The first time a GAMAP routine is used, it will look for and read these files. First, in the current directory, then in the !path variable (which means it will used the default ones in ../gamap2/input_files/). So, to read those corresponding to your run you can:

  1. start your IDL session in your run directory
  2. start your IDL anywhere, and then: cd, 'your_run_directory', before using GAMAP
  3. copy your diag/tracerinfo.dat from your run dir to your ../gamap2/input_files/ (i.e., overwrite default ones), before using GAMAP
  4. Advance users can also, at anytime in their session, force GAMAP to read specific diag/tracerinfo.dat:
ctm_diaginfo, /all, /force_reading, filename='your_diaginfo.dat'
ctm_tracerinfo, /all, /force_reading, filename='your_tracerinfo.dat'

If you are using a default location, double check that it is really used with the following query:

print, file_which('tracerinfo.dat')

--phs 15:52, 4 April 2008 (EDT)

Date and time

This section has been split off into its own wiki page, Date and Time Computations with GAMAP.

Text manipulation with GAMAP

This section has been split off into its own wiki page, Text manipulation with GAMAP.

Memory management and CTM_MAKE_DATAINFO

When using CTM_MAKE_DATAINFO, you create few pointers and allocate memory to pointed data. Three scenarios to free that memory are possible.

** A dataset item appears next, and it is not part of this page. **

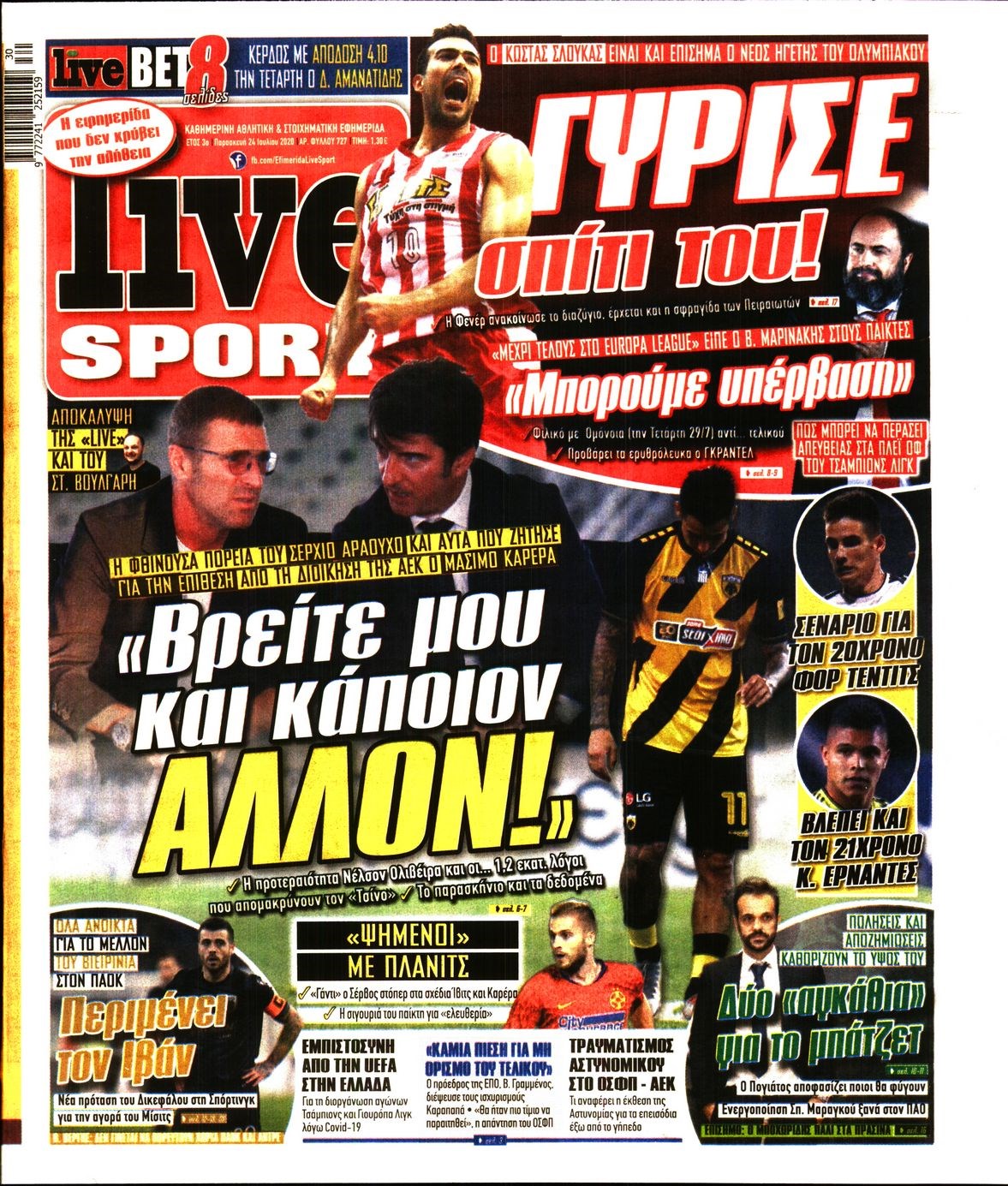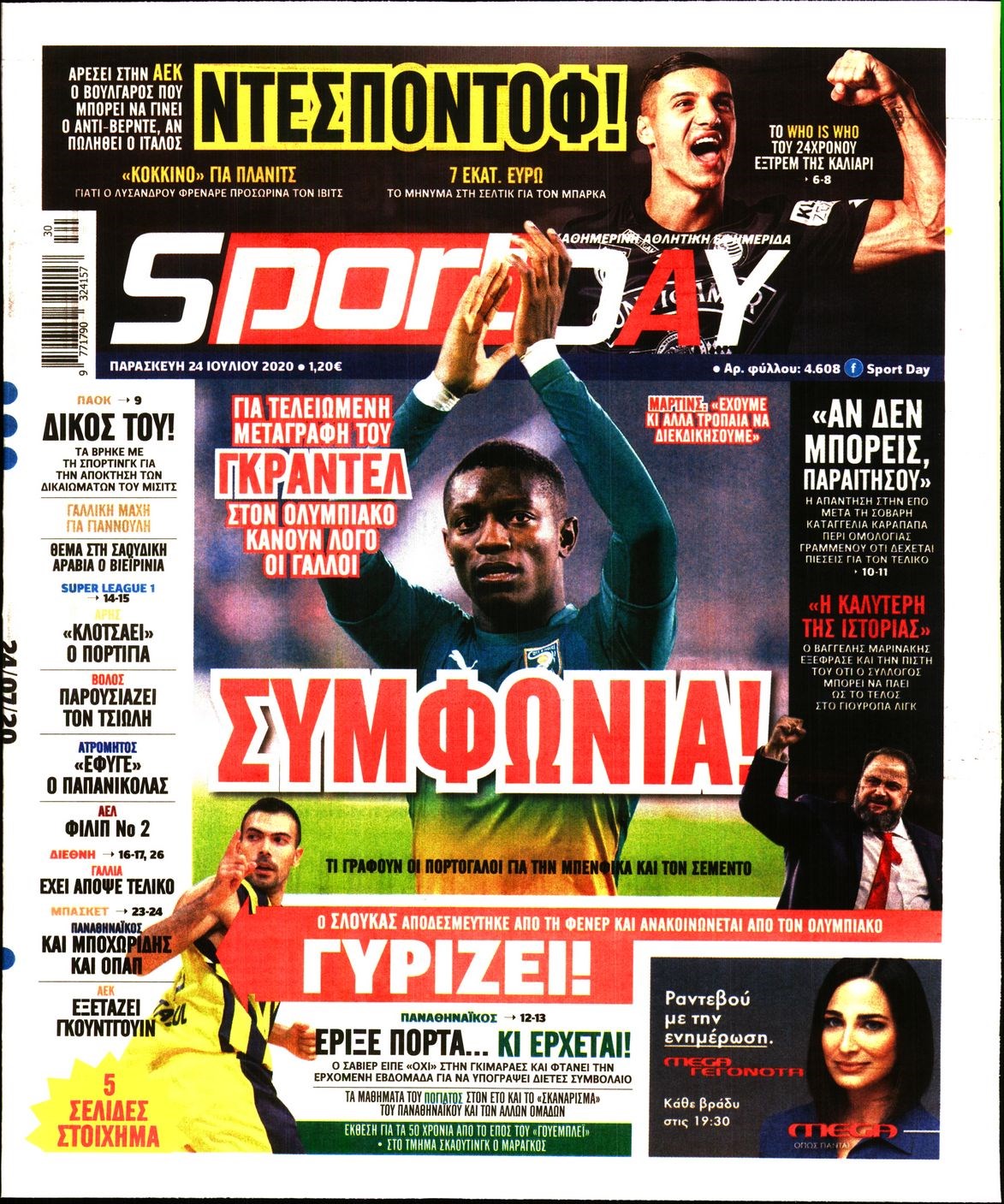 Οι αθλητικές εφημερίδες 24/7/2020 Διονύσης Νίκκας 06:36, Παρασκευή 24 Ιουλίου 2020 Media Διαβάστε τα πρωτοσέλιδα των αθλητικών εφημερίδων… ΑΘΛΗΤΙΚΕΣ ΕΦΗΜΕΡΙΔΕΣ Μοιράσου το: σχολίασε κι εσύ (0 σχόλια) Ακολουθήστε το enikos.gr στο Google News και μάθετε πρώτοι όλες τις ειδήσεις Δείτε όλες τις τελευταίες ειδήσεις από την Ελλάδα και τον Κόσμο στο enikos.gr Ειδήσεις Ροή Ειδήσεων 9 ώρες πριν Χριστούγεννα στα μπλόκα: Επιμένουν στις κινητοποιήσεις τους οι αγρότες – Ανοίγουν τα διόδια το Σαββατοκύριακο 2 ώρες πριν Σαρωτικοί οι έλεγχοι στους δρόμους ενόψει εορτών – Μπλόκα της τροχαίας σε κεντρικές αρτηρίες της Αττικής 9 ώρες πριν Πούτιν: Τα μηνύματα σε Ευρώπη και ΝΑΤΟ από το μαραθώνιο «σόου» του – Η απαίτηση για «σεβασμό» και η ειρήνη «με τους όρους» της Μόσχας 8 ώρες πριν ΗΠΑ: Η κυβέρνηση του Ντόναλντ Τραμπ άρχισε να δημοσιοποιεί τα αρχεία Έπσταϊν 8 ώρες πριν Άνω Λιόσια: Πυροβολισμοί σε επιχείρηση με χαλιά – Εντοπίστηκαν 10 κάλυκες 2 ώρες πριν Αυγά: Πόσα μπορείτε να τρώτε την ημέρα με ασφάλεια για μέγιστη πρόσληψη πρωτεΐνης 2 ώρες πριν Τα ζώδια σήμερα, Σάββατο 20 Δεκεμβρίου: Παρθένοι, το σύμπαν σας δίνει το κλειδί 9 ώρες πριν Ανακαλύφθηκαν αρχαία χρυσά νομίσματα 2.200 ετών που απεικονίζουν τον θεό Απόλλωνα – Η άγνωστη σύνδεση με τον Φίλιππο Β΄ της Μακεδονίας 2 ώρες πριν Οπτική ψευδαίσθηση: Μόνο αν είσαι ο Σέρλοκ Χολμς θα βρεις τον αριθμό «87» σε 7 δευτερόλεπτα 3 λεπτά πριν Καιρός: Αλλαγή σκηνικού σήμερα με βροχές και πτώση της θερμοκρασίας – Οι προβλέψεις των μετεωρολόγων για τα Χριστούγεννα 10 λεπτά πριν ΟΝΕΧ – MEGATUGS: Ξεκίνησε η ναυπήγηση ρυμουλκών στην Ελλάδα – Προθάλαμος πολεμικών πλοίων – Δείτε φωτογραφίες και βίντεο 19 λεπτά πριν Φοινικούντα: Σήμερα απολογείται ο 30χρονος γιος γνωστού επιχειρηματία της Πλάκας 27 λεπτά πριν Οι αθλητικές μεταδόσεις 20/12/2025 36 λεπτά πριν Εορτολόγιο: Ποιοι γιορτάζουν σήμερα 20 Δεκεμβρίου ENIKOS NETWORK Πρέπει να αποδέχεστε ή να απορρίπτετε όλα τα cookies; Ένας ειδικός εξηγεί Η αγαπημένη λιχουδιά των πόνι που μπορεί να ενισχύσει όραση, εγκέφαλο και ανοσοποιητικό Αναστολή μέτρων αναγκαστικής εκτέλεσης για κτηνοτρόφους που πλήττονται από την ευλογιά των αιγοπροβάτων Πλήρης επάρκεια προϊόντων στις λαϊκές της Αττικής, παρά τις αγροτικές κινητοποιήσεις – Τι απαντούν οι πωλητές Χαρτογραφώντας το «σημείο χωρίς επιστροφή»: Για πρώτη φορά αποκαλύπτεται με λεπτομέρεια το ακανθώδες όριο της ατμόσφαιρας τ... Η Google καταργεί τη λειτουργία «dark web report» – Πώς θα μπορούν οι χρήστες να διαγράφουν τα δεδομένα τους περισσότερα 05:48 , Σάββατο 20 Δεκεμβρίου 2025 Οι οικονομικές εφημερίδες 20/12/2025 Διαβάστε τα πρωτοσέλιδα από τις οικονομικές εφημερίδες, σήμερα 20/12/2025. 05:43 , Σάββατο 20 Δεκεμβρίου 2025 Οι αθλητικές εφημερίδες 20/12/2025 Διαβάστε τα πρωτοσέλιδα από τις αθλητικές εφημερίδες, σήμερα 20/12/2025. 05:38 , Σάββατο 20 Δεκεμβρίου 2025 Οι πολιτικές εφημερίδες 20/12/2025 Διαβάστε τα πρωτοσέλιδα από τις πολιτικές εφημερίδες, σήμερα 20/12/2025. 04:20 , Σάββατο 20 Δεκεμβρίου 2025 Αγγελική Νικολούλη: Τα συλλυπητήρια για την απώλεια της Ειρήνης Μαρινάκη Τα συλληπητήρια στον πρόεδρο του Mega, τον Βαγγέλη Μαρινάκη, για την απώλεια της μητέρας του Ε... ΤΕΛΕΥΤΑΙΕΣ ΕΙΔΗΣΕΙΣ 10 λεπτά πριν ΟΝΕΧ – MEGATUGS: Ξεκίνησε η ναυπήγηση ρυμουλκών στην... 19 λεπτά πριν Φοινικούντα: Σήμερα απολογείται ο 30χρονος γιος... 27 λεπτά πριν Οι αθλητικές μεταδόσεις 20/12/2025 36 λεπτά πριν Εορτολόγιο: Ποιοι γιορτάζουν σήμερα 20 Δεκεμβρίου 44 λεπτά πριν Συρία: Μπ

(1) By default, GAMAP keeps track of the pointers in a global structure, and you can clean up the memory by calling CTM_CLEANUP (with or without the keyword /NO_GC):

    ctm_make_datainfo(data, ...)
    CTM_WriteBpch, DataInfo, FileInfo, FileName=file
    ctm_cleanup

(2) If you use the keyword /NO_GLOBAL when calling CTM_MAKE_DATAINFO, the story is a little bit more subtle. Now, GAMAP has no idea of the created pointers. If you use CTM_CLEANUP without the keyword /NO_GC, everything is clean up because there is a call to heap_gc. But you are also loosing **all other** pointers and objects.

    ctm_make_datainfo(data, ..., /No_global)
    CTM_WriteBpch, DataInfo, FileInfo, FileName=file
    ctm_cleanup

Note if you do not call ctm_cleanup or call it with /No_GC, then the memory allocated by CTM_MAKE_DATAINFO is still allocated and the pointers that refers to it are alive... until you exit the routine (unless they are passed back). Once you are out of the routine, this memory remains allocated but is useless since unaccessible, in other words you have memory leak.

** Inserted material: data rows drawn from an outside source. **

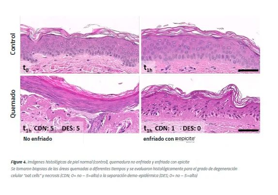 Los resultados que comparan las muestras de quemaduras enfriadas con EPICITE RESCUE® y no enfriadas mostraron diferencias histológicas importantes, especialmente en la primera hora después de las quemaduras. La quemadura enfriada con EPICITE RESCUE® mostró: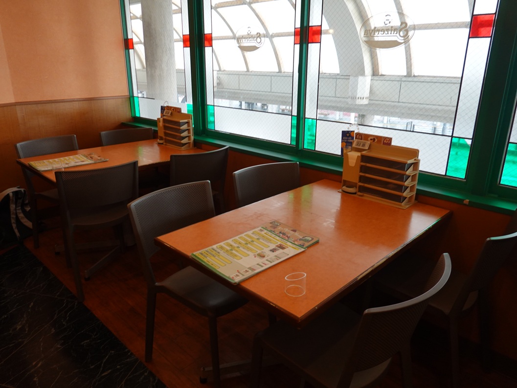 実際のサイゼリヤ福井駅前店の窓際の席はソファではなく、テーブルです。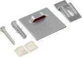 Les plaques de suspension sont fournies sous forme d'un ensemble complet, comprenant deux entretoises, un crochet mural, une cheville et une vis.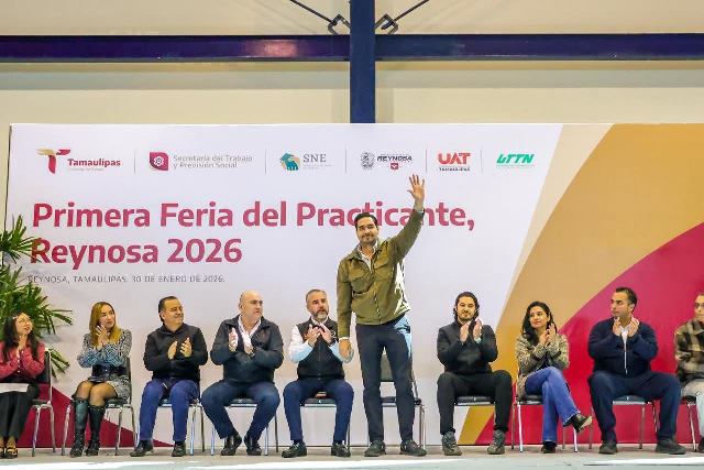 Reynosa, Tam (31-Enero-2026).- Al inaugurar el Presidente Municipal Carlos Peña Ortiz, con el Secretario de Trabajo y Previsión Social de Tamaulipas, Luis Gerardo Illoldi Reyes, la «Primera Feria del Practicante Reynosa 2026», invitó a los jóvenes estudiantes a seguir preparándose, «nosotros queremos que sean muy exitosos porque hoy México tiene muchas carencias, pero si a ustedes les va bien a toda la sociedad le va a ir mejor».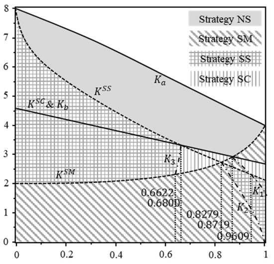 According to the government’s expected revenue under strategy SM and SC in Table A1, we have . In the area , The denominator . Let , is a function of degree one with a negative coefficient of degree one with respect to . By solving the function we have . Let , considering the graphical properties of the first-order function we can get that () if and () if .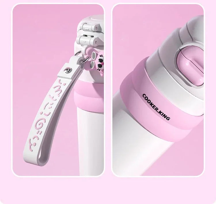 Cooker King 510ML Kids Water Bottles with Straw, a delightful and functional companion for children on the go. Crafted from premium 316 stainless steel, this thermos ensures both safety and durability, promising long-lasting use. Its excellent thermal insulation keeps beverages hot or cold for hours, making it perfect for school, picnics, or any adventure.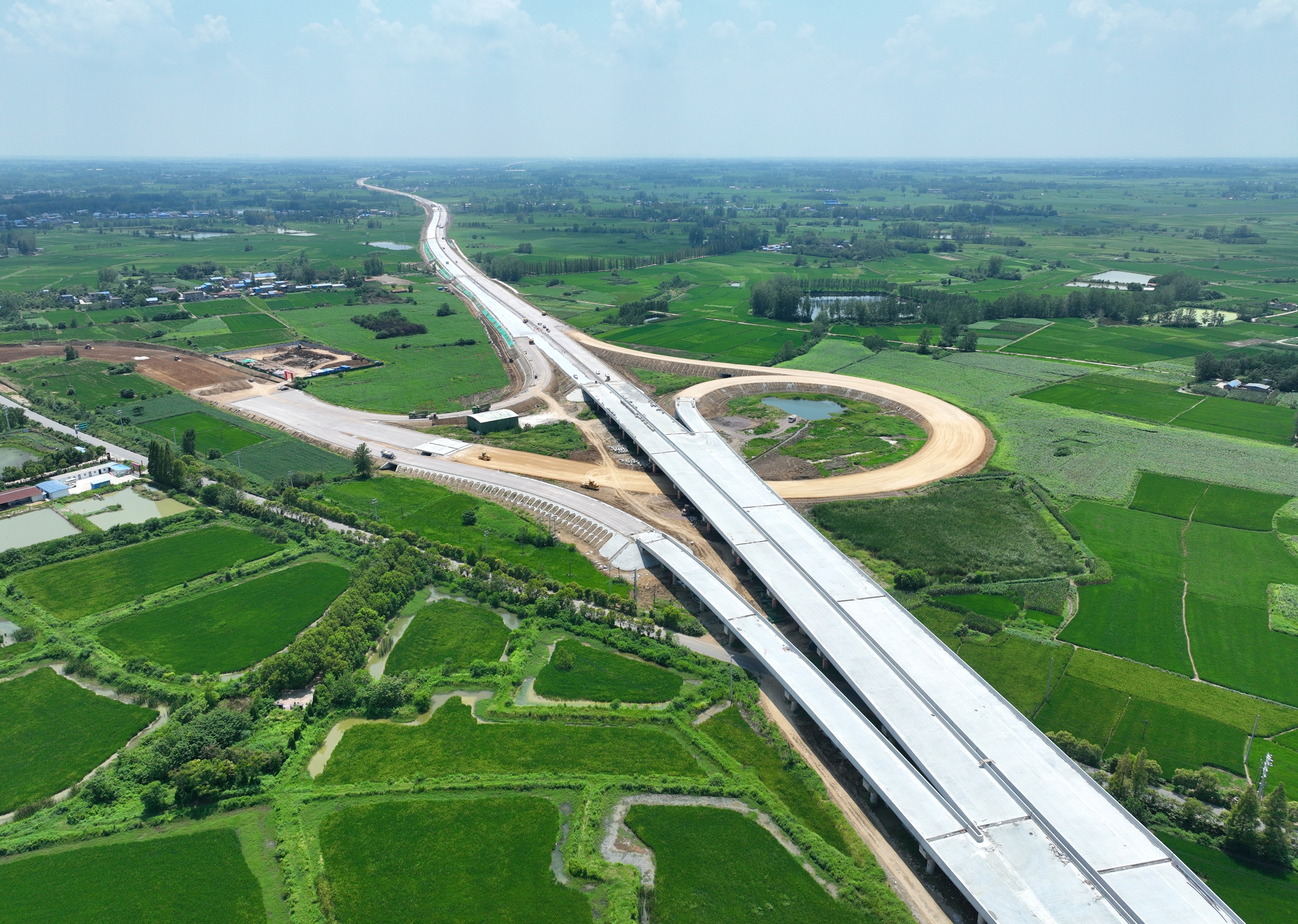 面對軟基、高填方、涉路協(xié)調(diào)難等多重挑戰(zhàn),項(xiàng)目優(yōu)化架梁方案,采用“動(dòng)態(tài)交通導(dǎo)改+分時(shí)段施工”模式,最大限度減少對地方路網(wǎng)的通行影響,兩座互通立交已于6月底實(shí)現(xiàn)貫通。目前,項(xiàng)目控制性工程路基工程主線施工基本結(jié)束,正迅速推進(jìn)防排水等附屬工程施工,已完成合同工程量96%,朝著9月交工驗(yàn)收目標(biāo)全速?zèng)_刺。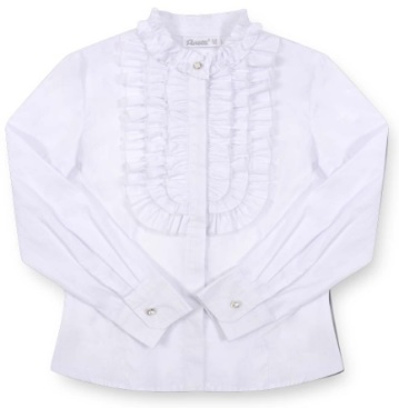 Pinetti School 11939 Блузка длинный рукав 65%хлопок33%полиэстер2%эластан Блузка из хлопка с длинными рукавами и воротником стойка. По переду и воротникуц декорирована настрочными оборками из основной ткани. белый /цена - 1610,00 руб. / размер - 164

(3) So, if you want to keep some objects and/or pointers alive in your code (i.e., you do not want to call heap_gc or ctm_cleanup,/no_gc), you need to free only the created pointers as follows:

    ctm_make_datainfo(data, datainfo, fileinfo, ..., /No_global)
    CTM_WriteBpch, DataInfo, FileInfo, FileName=file
    ptr_free, DataInfo.data
    ptr_free, fileinfo.gridinfo

To free only the heap memory created by multiple calls to CTM_MAKE_DATAINFO, the procedure is:

  for D=0L, NTracers-1L do begin
     
     Success = CTM_Make_DataInfo( Data[*,*,D], DataInfo, FileInfo, ..., /No_Global )
     
     ArrDataInfo = D eq 0l ? [ DataInfo ] : [ ArrDataInfo, DataInfo ]
     
     if D ne Ntracers-1l then ptr_free, Fileinfo.gridinfo
     
  endfor
     
  CTM_WriteBpch, ArrDataInfo, FileInfo, FileName=OutFileName
     
  for d=0, n_elements(ArrDataInfo)-1l do ptr_free, ArrDataInfo[d].data
  ptr_free, fileinfo.gridinfo

--phs 10:28, 13 February 2008

GAMAP routines for statistical analysis

GAMAP ships with several routins for computing various statistical quantities:

CUM_TOTAL
Computes the cumulative total of an array.
MEAN
Computes the mean value of an array of any # of dimensions.
ORG_CORR
Calculates the reduced major-axis.
PERCENTILES
Computes percentiles of an array
QQNORM
Sorts a data array, assigns assign actual "probability" and calculates the expected deviation from the mean.
RUN_AV
Computes the running average or running total of a data vector.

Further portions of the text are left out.